During his upcoming State of the Union, President Biden will propose raising taxes substantially on corporations and the wealthy.
He will seek to increase the corporate tax rate to 28% and minimum to 21%, up from 15%.
Biden also wants to levy a 25% minimum tax on individuals worth over $100 million.
This contrasts with former President Trump, who reportedly wants to make permanent the tax cuts he enacted, which reduced corporate taxes to 21% from 35%.
“The President is proposing to levy a 25 percent minimum tax on the wealthiest 0.01 percent, those with wealth of more than $100 million,” the White House stated.
An expert warned that the US’s $34 trillion debt could cause an economic meltdown by 2025 if interest rates spike due to other countries no longer buying so much US debt.
The expert said the large tax cuts or spending plans proposed by either party risk interest rate increases that could trigger a crisis.
“As we discuss promises about ‘what we’re going to do with tax and programs,’ it’s going to be important to put it in the context of ‘Can we afford that?’” Wharton Business School finance professor Joao Gomes said. “It’s a really obvious moment in history for us to say: ‘Okay, what are our choices; what can we feasibly do; who has the better plan?’ I suspect neither party is interested in that, and it might all be pushed under the rug.”
“Toward the latter part of the decade we will have to deal with this,” he added. “It could derail the next administration, frankly. If they come up with plans for large tax cuts or another big fiscal stimulus, the markets could rebel. Interest rates could just spike right there, and we would have a crisis in 2025. It could very well happen. I’m very confident by the end of the decade one way or another, we will be there.”

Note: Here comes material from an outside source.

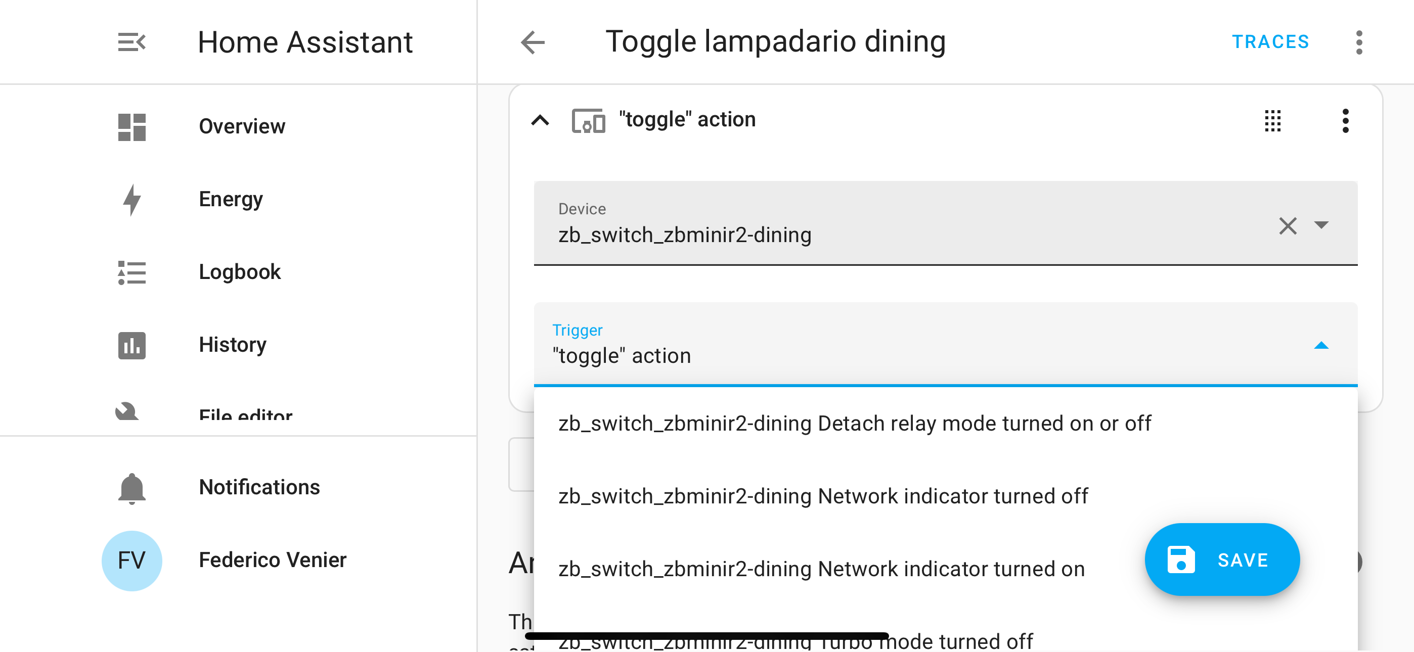 I want one set of behaviours when the rocker switch is Off and another when it is On, I expected the rocker state to be presented as a sensor, but instead all I can do is trigger a toggle and not actually report switch state. I could work around this by storing a variable in HA that holds the current state of the rocker switch and turn it on or off accordingly on a toggle event (not fool proof, it could well go out of sync) but I’m struggling even to do that.

“The most important thing about debt for people to keep in mind is you need somebody to buy it. We used to be able to count on China, Japanese investors, the Fed to [buy the debt]. All those players are slowly going away and are actually now selling. … If at some moment these folks that have so far been happy to buy government debt from major economies decide, ‘You know what, I’m not too sure if this is a good investment anymore. I’m going to ask for a higher interest rate to be persuaded to hold this,’ then we could have a real accident on our hands,” Gomes said.